The antidepressant properties of orcinol glucoside (OG) are well established. It is mostly present in the rhizome of Curculigo orchioides Gaertn, also known as Xianmao in Chinese. According to testimony, OG has a variety of pharmacological effects. According to a few research, the main ingredient in C. orchoides with antidepressant activity may be OG.
However, due to ineffective plant extraction and difficult and pricey chemical synthesis, the commercial applicability of OG remained constrained.
The highly active orcinol synthase (ORS) and UDP-dependent glycosyltransferase (UGT) involved in the production of OG were discovered in this study using an effective screening pipeline. Using C. orchioides’ transcriptome sequencing, computational analysis, and in vitro functional validation, researchers could pinpoint the pathway.
The biosynthesis of OG is firstly catalyzed by ORS, which is a type III polyketide synthase (PKS), via condensation of 1 molecule of acetyl-CoA and 3 molecules of malonyl-CoA to generate orcinol, which is subsequently modified with UGT at the carbon-3 or carbon-5 hydroxy group to generate OG.
Scientists employed metabolic and comparative transcriptome analyses to explore the functional genes encoding ORS and UGT in C. orchioides. They evaluated the distributions of OG and its precursor orcinol in the roots and leaves of C. orchioides. The results showed that OG was mainly enriched in the roots, with almost 3-fold greater abundance than in leaves. At the same time, the total content of OG and orcinol in roots was also higher than in leaves.
Scientists could also identify 5 ORS candidates from other species based on sequences similarity. All ORS candidate genes were characterized using in vitro enzyme activity assays with acetyl-CoA and malonyl-CoA as substrates.
The UGT responsible for OG formation in C. orchioides remains unknown. By integrating transcriptome sequencing, constrained molecular docking, and functional characterization, we constructed a pipeline to narrow down the candidate genes encoding UGTs. The restrictions of gene expression and substrate binding rapidly eliminated more than 90% of potential candidates.
The labor-intensive functional validation of candidate UGTs was then conducted on only 6 genes, avoiding tedious experimental testing. This process offers a way to discover new glycosyltransferases and other functional genes in the biosynthetic pathways of natural plant products, which has also been applied to construct the comprehensive plant UGT database pUGTdb.
To improve the microbial production of OG, scientists mainly considered host cells, metabolic engineering, medium, and fermentation conditions. The emerging industrial microorganism Y. lipolytica is naturally endowed with high carbon fluxes towards acetyl-CoA and malonyl-CoA. For example, the overexpression of the endogenous YlPEX10 and YlACC1 genes, which had been used to improve the supply of acetyl-CoA and malonyl-CoA, did not improve the OG production, indicating that the precursor supply was not the limiting factor.

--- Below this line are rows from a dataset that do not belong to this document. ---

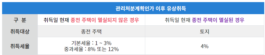 승계조합원 취득 당시에 주택 상태가 멸실이 안됬다면, 1~12%의 취득세율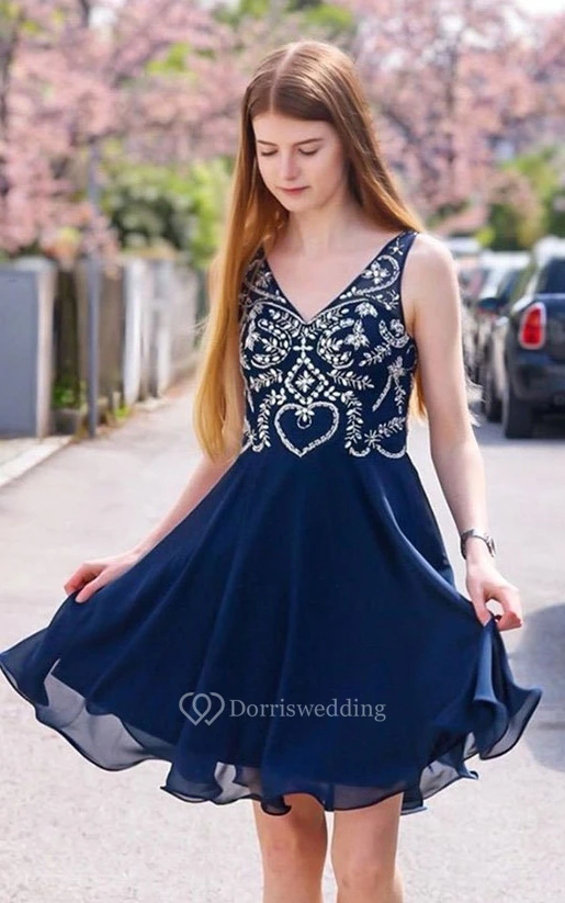 Chiffon Short V-neck A Line Sleeveless Adorable Homecoming Dress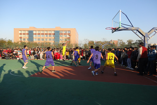 11月14日,由山东英才学院体育教研室主办的 “迎新杯“篮球赛在学院北校区篮球场举行,本场比赛双方分别是经济管理学院2012级男子代表队和商学院2012级男子代表队。经济管理学院基层团委书记王鹏飞,团委副书记、学生会主席吕孝围,学生会副主席管培军及学生会全体干部到场助阵。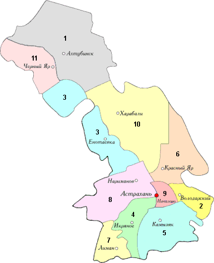 Согласно Закону «Об административно-территориальном устройстве Астраханской области» , субъект РФ включает следующие административно-территориальные единицы[1][2]:
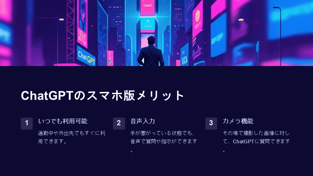 #6. ChatGPTのスマホ版メリット 1 いつでも利用可能 通勤中や外出先でもすぐに利用できます。 2 音声入力 手が塞がっている状態でも、音声で質問や指示ができます。 3 カメラ機能 その場で撮影した画像に対して、ChatGPTに質問できます。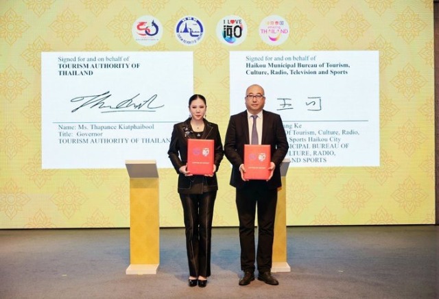 วันที่ 18 ธันวาคม 2568 การท่องเที่ยวแห่งประเทศไทย (ททท.) นำโดย นางสาวฐาปนีย์ เกียรติไพบูลย์ ผู้ว่าการการท่องเที่ยวแห่งประเทศไทย (ผทท.) เข้าร่วมในพิธีลงนามข้อตกลงความร่วมมือด้านการท่องเที่ยว Letter of Intent (LOI) กับ สำนักการท่องเที่ยว วัฒนธรรม วิทยุ โทรทัศน์ และกีฬา นครไหโข่ว นำโดย คุณหวัง เค่อ ผู้อำนวยการสำนักการท่องเที่ยวฯ ไหโข่ว และบริษัท Tongcheng Travel นำโดย คุณหลี่ หมิงห้าว รองประธานกลุ่มบริษัท Tongcheng Group ณ นครไหโข่ว มณฑลไห่หนาน สาธารณรัฐประชาชนจีน เพื่อสร้างกรอบความร่วมมือเชิงกลยุทธ์ระยะยาว และยกระดับความสัมพันธ์ด้านการท่องเที่ยวระหว่างไทย-จีน ภายใต้แนวคิด “จงไท่-อี้เจียชิน” หรือ จีนไทย ครอบครัวเดียวกัน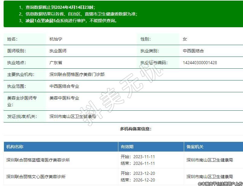 主要執(zhí)業(yè)機(jī)構(gòu):深圳聯(lián)合麗格醫(yī)療美容門診部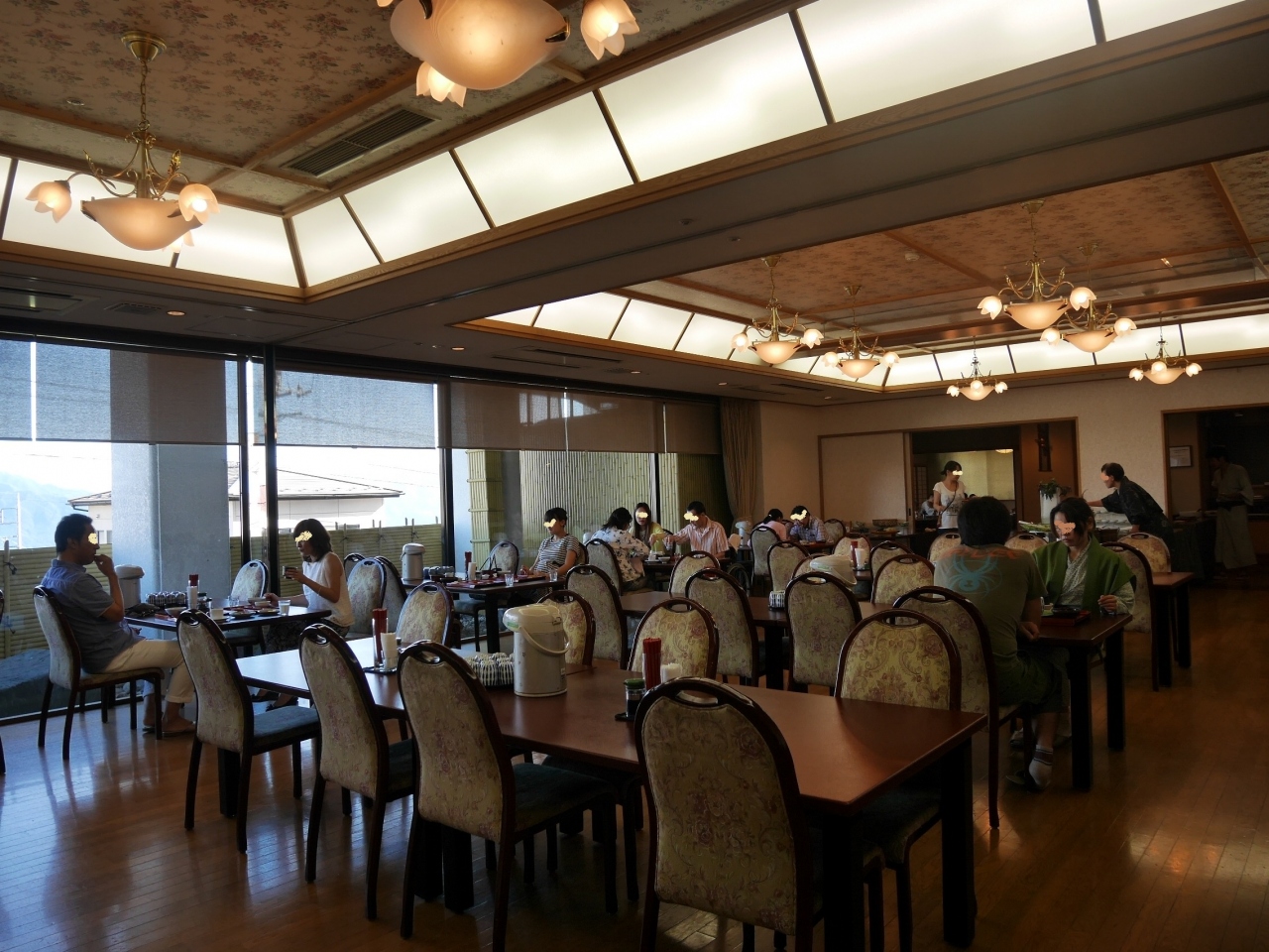 朝食はバイキング形式で、テーブル席とお座敷が選べるのがウレシイです。おかずも種類が豊富で楽しめました。

Indeed, the overexpression of downstream genes (CorcORS1 and CorcUGT31) in the biosynthetic pathway of OG significantly improved the production of OG. At the same time, we found that choosing a suitable fermentation medium largely determined productivity and was critical for reducing by-product synthesis.
After additional optimization of fed-batch fermentation conditions, the productivity of OG in the engineered strain YL-G12 was improved approximately 100-fold compared to the starting strain YL-G1.
By enhancing the downstream pathway, metabolic engineering, and fermentation optimization, the OG production in Yarrowia lipolytica was improved 100-fold, resulting in a final yield of 43.46 g/L (0.84 g/g DCW), which is almost 6,400-fold higher than the extraction yield from C. orchioides roots.